Mist. Er hatte vergessen, die Nachricht wieder zuzumachen.
„Was hast du ihr denn für ein Angebot gemacht?" Sie deutete mit ihrer Gabel auf das Display und warf ihm dann einen herausfordernden Blick zu.
Na toll. Er hatte jetzt genau keine Lust darauf, Natalia die Details seines Dilemmas darzulegen.
„Nichts Bestimmtes. Ist jetzt auch nicht wichtig", sagte er ausweichend.

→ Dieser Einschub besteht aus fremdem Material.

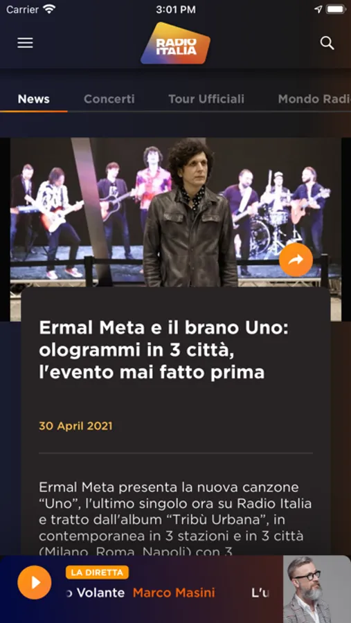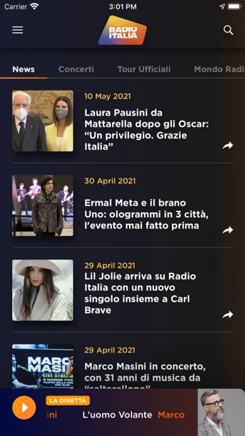Ascolta Radio Italia, guarda Radio Italia Tv in diretta. Scopri le photogallery esclusive e leggi tutte le news di musica italiana. Con la nuova funzione "Io c'ero" immortala i momenti unici vissuti con noi.

Natalia angelte sich mit ihrer Gabel eine Pfefferoni aus seiner Nudelbox. „Komm mir bloß nicht damit. Wenn eine Frau einem ihr bis vor kurzem unbekannten Lebensretter danach fragt, ob sein Angebot noch stünde, dann muss es wichtig sein. Und nach allem, was du mir über sie erzählt hast —, auch wenn ich mir sicher bin, du hast einen Haufen Sachen weggelassen — ist sie wohl noch immer in einer psychisch äußerst labilen Verfassung. Das würde ich nicht ignorieren an deiner Stelle." Sie ließ die Pfefferoni mit einem einzigen Flutsch zwischen ihren roten Lippen verschwinden.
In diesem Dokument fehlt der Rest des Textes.